A few practical conventions are worth knowing:
- Source code lives under
src/, while one-off operational entrypoints live insrc/scripts/. - Large generated assets and external datasets are expected under
data/rather than committed into the source tree. - The trained model is treated as a runtime artifact, not hand-edited source.
- Plots are generated into the repository root today, which keeps inference outputs easy to inspect but does mean repeated runs accumulate image files there.
Output Artifacts
data/drum_classifier.pkl: trained scikit-learn modelclassified_plot_*.png: waveform plot annotated with predicted drum labelsdata/groove/: extracted Groove MIDI Dataset
Operational Notes
- src/onset.py already forces writable cache locations for Matplotlib and related tooling because some execution environments make the default cache path read-only.
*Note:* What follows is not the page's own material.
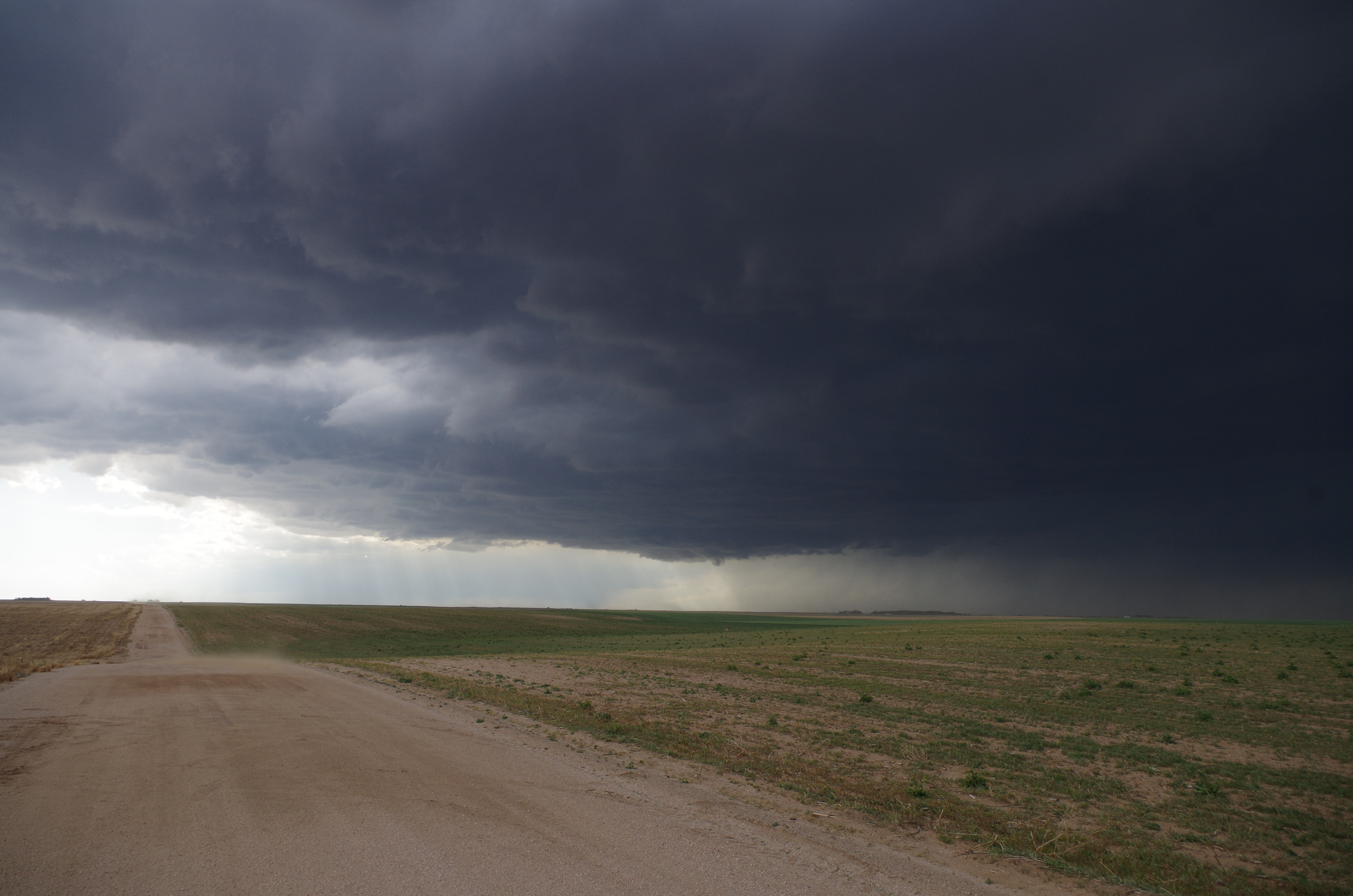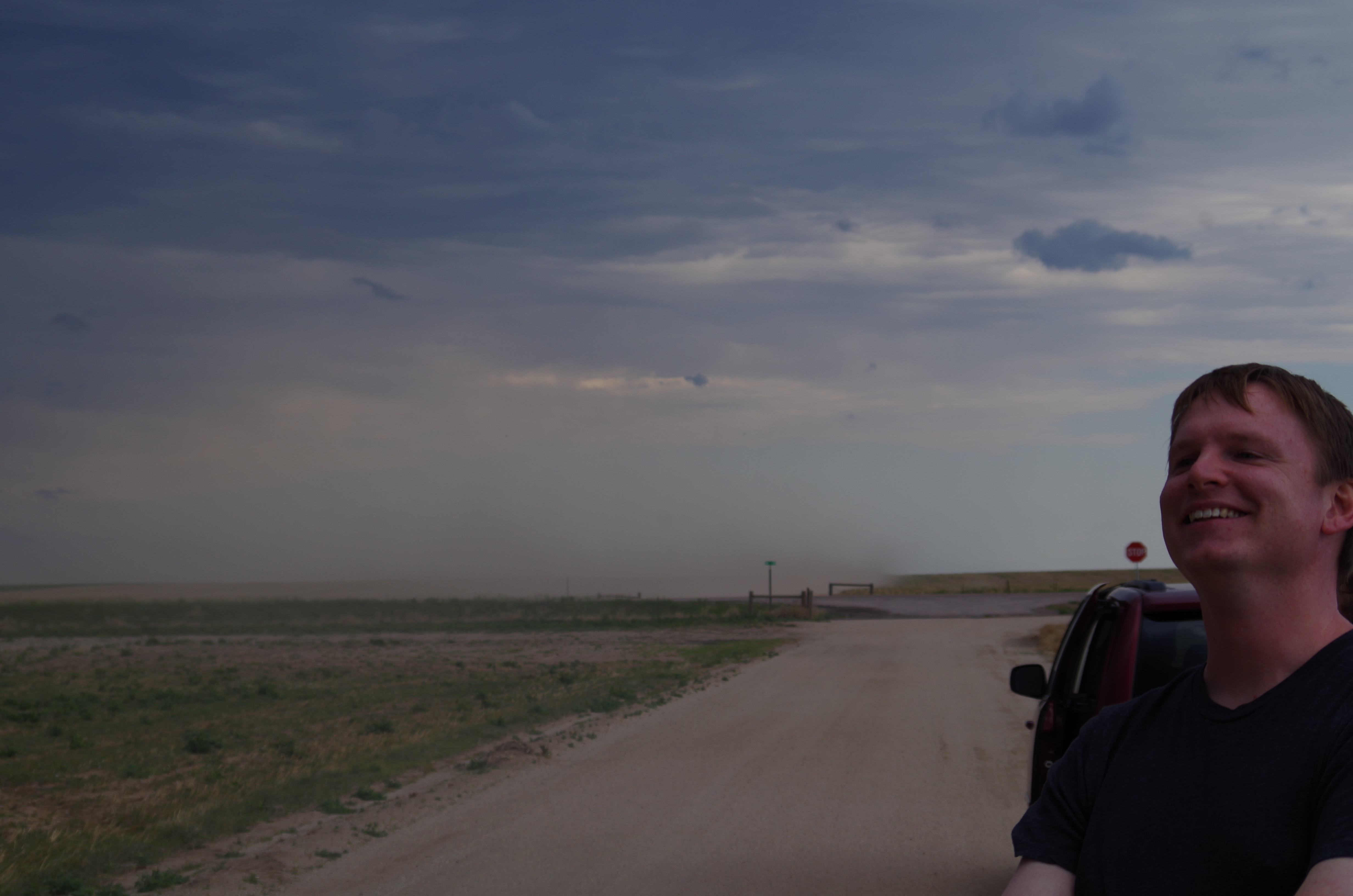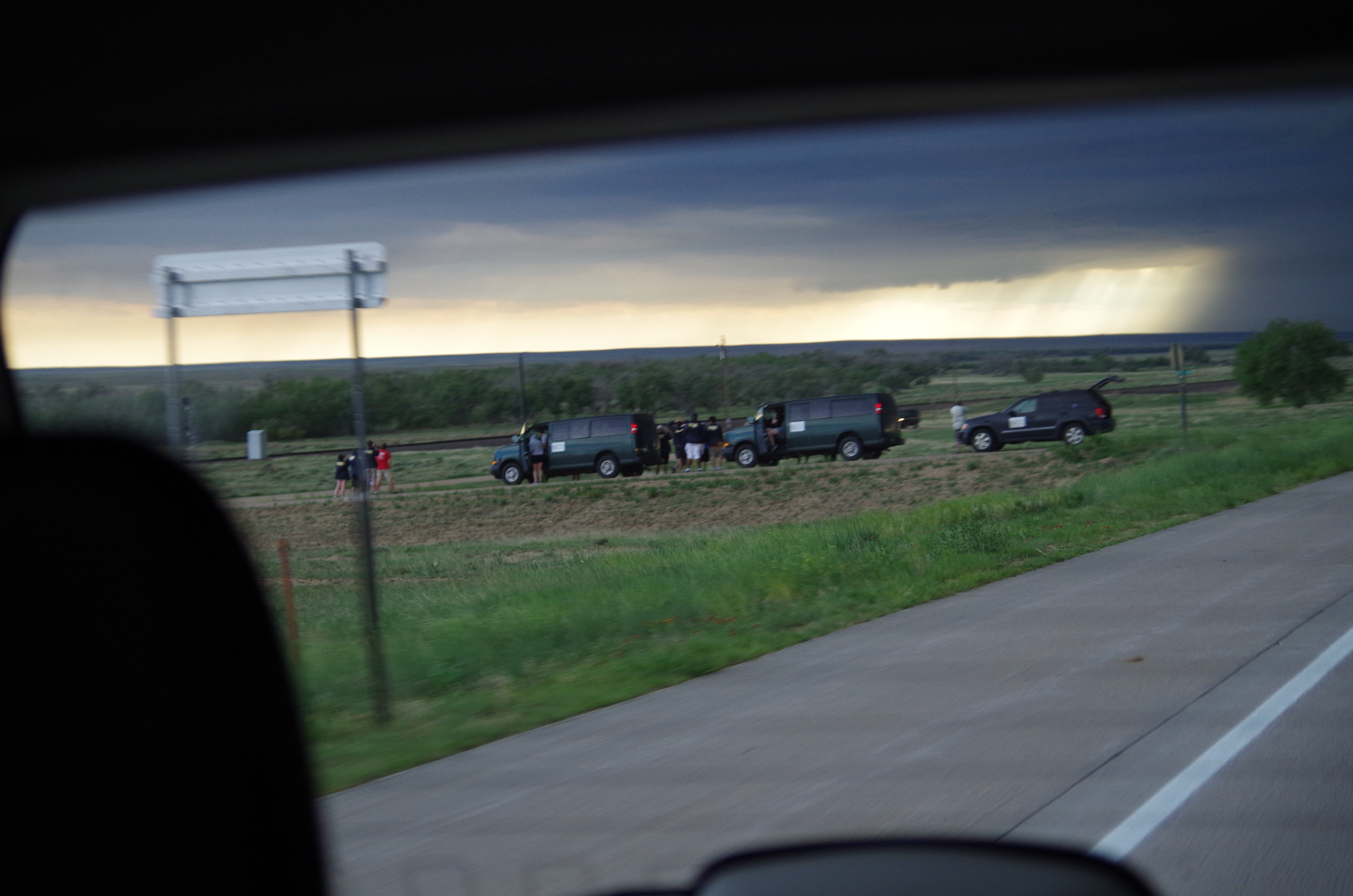 Arriving at Lamar, a thunderstorm had already developed and was headed right for the town. Topping off our tanks and emptying our bladders, we shot southward to dodge the storm. A few clicks behind us was actually Weather Channel Meteorologist Mark Elliot, another Rutgers Meteorology Alumnus, who was chasing with Mike Bettes. He too stopped nearby Limon and began pursuing the same cell we were. We kept in contact with him as best as we could throughout the day, trying to see if our paths could cross. Unfortunately, he did have to leave that cell later in the day for another cell closer to Denver, a move I’m sure that was done for better signal and population coverage. He did wish us a safe chase and expressed his jealousy as we chased the better cell.

UV_CACHE_DIRis separate from Matplotlib or XDG cache handling; it specifically helpsuvitself use a writable cache directory.- Training and evaluation can take a while on the full dataset, and the first pass is I/O-heavy because every track must be loaded and paired with its MIDI metadata.
Known Limitations
- The pipeline assumes isolated or drum-dominant audio and has not been hardened for dense full-mix transcription.
- Evaluation scripts rebuild features from scratch rather than caching an intermediate training dataset.
- Inference quality depends heavily on onset detection quality; missed or duplicated onsets cannot be corrected by the classifier stage.